Dataset entries:
+-------+
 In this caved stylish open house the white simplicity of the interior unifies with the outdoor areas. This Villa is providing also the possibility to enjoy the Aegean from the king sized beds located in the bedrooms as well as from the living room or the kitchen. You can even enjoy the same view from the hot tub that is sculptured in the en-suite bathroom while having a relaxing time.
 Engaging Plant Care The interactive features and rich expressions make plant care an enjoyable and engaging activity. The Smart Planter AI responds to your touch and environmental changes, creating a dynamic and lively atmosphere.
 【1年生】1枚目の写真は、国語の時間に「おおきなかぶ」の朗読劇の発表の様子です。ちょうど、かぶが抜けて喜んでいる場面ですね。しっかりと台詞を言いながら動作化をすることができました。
+-------+
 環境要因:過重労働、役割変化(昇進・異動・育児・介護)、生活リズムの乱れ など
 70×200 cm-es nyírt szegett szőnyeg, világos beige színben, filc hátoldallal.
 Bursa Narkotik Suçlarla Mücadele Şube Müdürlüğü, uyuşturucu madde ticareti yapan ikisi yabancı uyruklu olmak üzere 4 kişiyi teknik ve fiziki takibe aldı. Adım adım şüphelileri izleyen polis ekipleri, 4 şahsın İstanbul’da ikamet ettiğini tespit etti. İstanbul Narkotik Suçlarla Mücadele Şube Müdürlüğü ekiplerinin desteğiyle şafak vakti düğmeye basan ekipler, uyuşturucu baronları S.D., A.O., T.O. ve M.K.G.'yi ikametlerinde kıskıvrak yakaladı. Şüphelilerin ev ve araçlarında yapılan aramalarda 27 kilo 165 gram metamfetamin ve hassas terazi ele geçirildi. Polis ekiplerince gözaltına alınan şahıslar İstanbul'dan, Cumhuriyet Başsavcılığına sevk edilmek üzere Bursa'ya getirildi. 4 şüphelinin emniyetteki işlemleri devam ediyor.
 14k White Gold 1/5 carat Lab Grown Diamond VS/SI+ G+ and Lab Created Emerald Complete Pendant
+-------+
Task statement: Your task for the entries above: copy exactly the span starting with the line with "環境要因:過重労働、役割変化(昇進・異動・育児・介護)、生活リズムの乱れ など" and going on through the line with "70×200 cm-es nyírt", both lines included, and nothing else.

Your solution:
 環境要因:過重労働、役割変化(昇進・異動・育児・介護)、生活リズムの乱れ など
 70×200 cm-es nyírt szegett szőnyeg, világos beige színben, filc hátoldallal.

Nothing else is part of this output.